● **Exercise description**
All of the data below should be printed again exactly, pictures excluded.

* * * * *

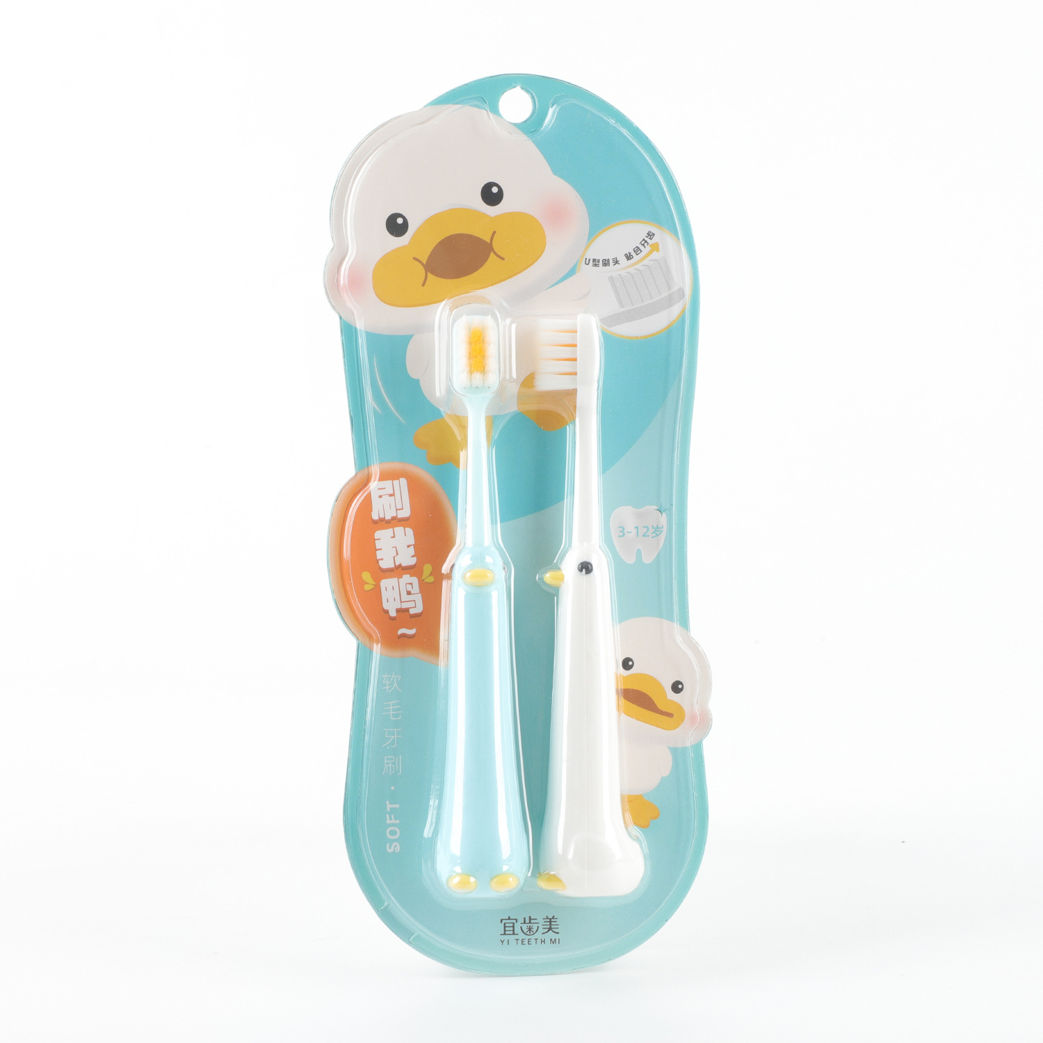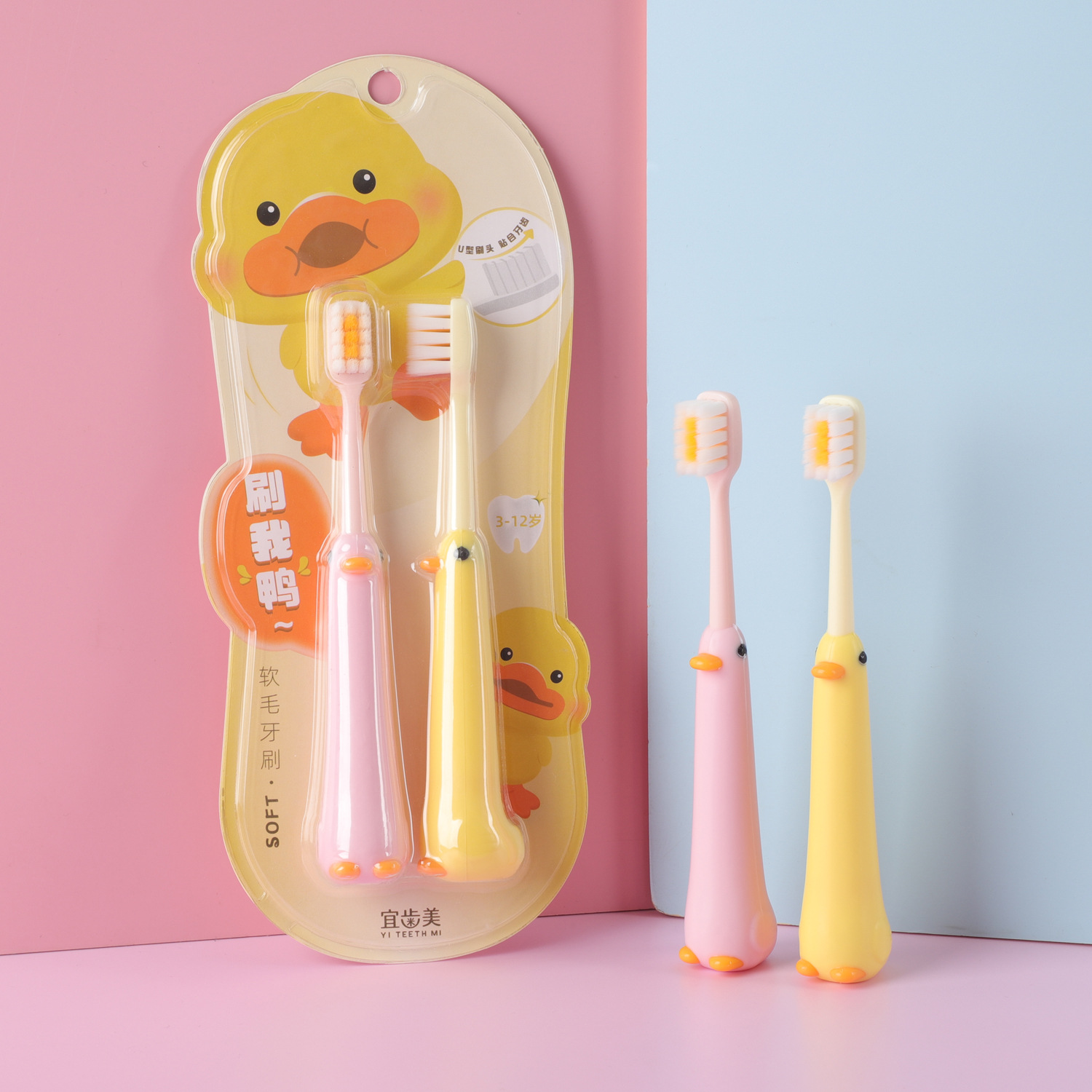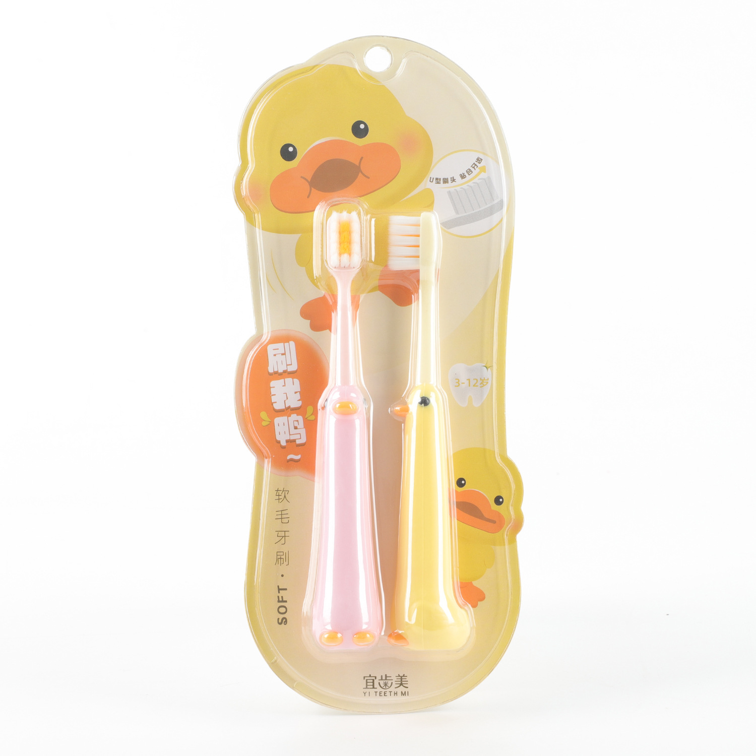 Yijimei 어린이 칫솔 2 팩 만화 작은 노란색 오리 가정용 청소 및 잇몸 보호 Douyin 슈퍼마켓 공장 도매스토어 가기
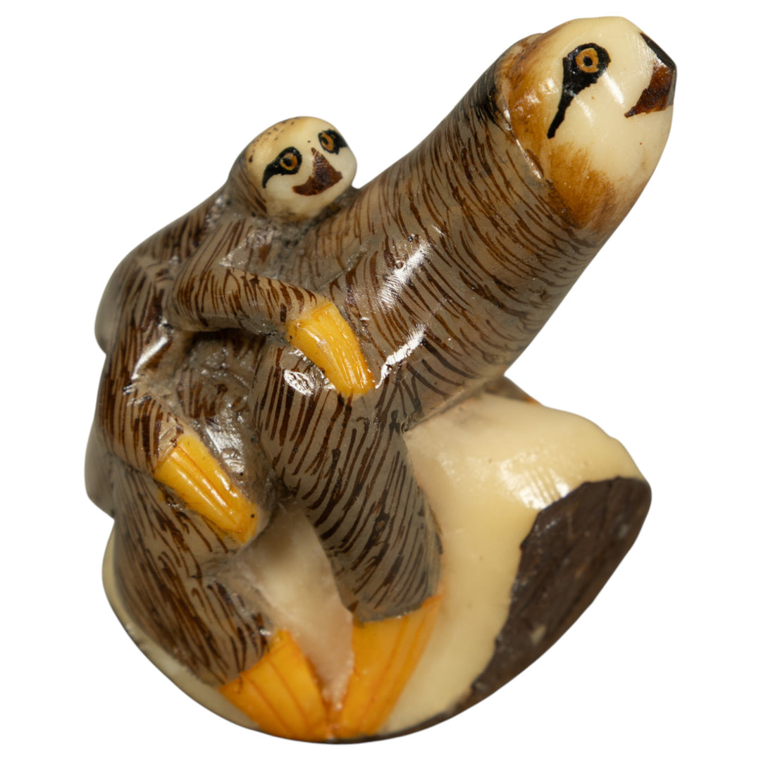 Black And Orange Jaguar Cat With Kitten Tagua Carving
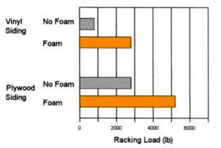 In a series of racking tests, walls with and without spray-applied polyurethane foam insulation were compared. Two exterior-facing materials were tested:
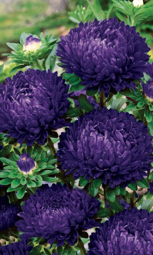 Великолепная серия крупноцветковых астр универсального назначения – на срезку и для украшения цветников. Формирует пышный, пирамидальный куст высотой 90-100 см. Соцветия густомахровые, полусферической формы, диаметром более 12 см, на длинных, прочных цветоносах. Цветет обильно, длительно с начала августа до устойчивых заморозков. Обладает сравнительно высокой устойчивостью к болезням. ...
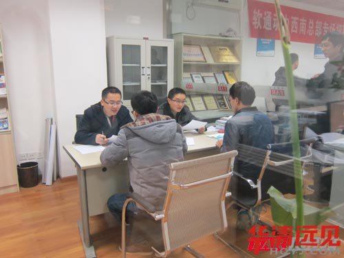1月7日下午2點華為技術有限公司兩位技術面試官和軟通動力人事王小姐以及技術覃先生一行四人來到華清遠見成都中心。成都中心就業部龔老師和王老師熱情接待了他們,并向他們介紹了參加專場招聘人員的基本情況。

* * * * *

● **Answer for the task**
 Yijimei 어린이 칫솔 2 팩 만화 작은 노란색 오리 가정용 청소 및 잇몸 보호 Douyin 슈퍼마켓 공장 도매스토어 가기
 Black And Orange Jaguar Cat With Kitten Tagua Carving
 In a series of racking tests, walls with and without spray-applied polyurethane foam insulation were compared. Two exterior-facing materials were tested:
 Великолепная серия крупноцветковых астр универсального назначения – на срезку и для украшения цветников. Формирует пышный, пирамидальный куст высотой 90-100 см. Соцветия густомахровые, полусферической формы, диаметром более 12 см, на длинных, прочных цветоносах. Цветет обильно, длительно с начала августа до устойчивых заморозков. Обладает сравнительно высокой устойчивостью к болезням. ...
1月7日下午2點華為技術有限公司兩位技術面試官和軟通動力人事王小姐以及技術覃先生一行四人來到華清遠見成都中心。成都中心就業部龔老師和王老師熱情接待了他們,并向他們介紹了參加專場招聘人員的基本情況。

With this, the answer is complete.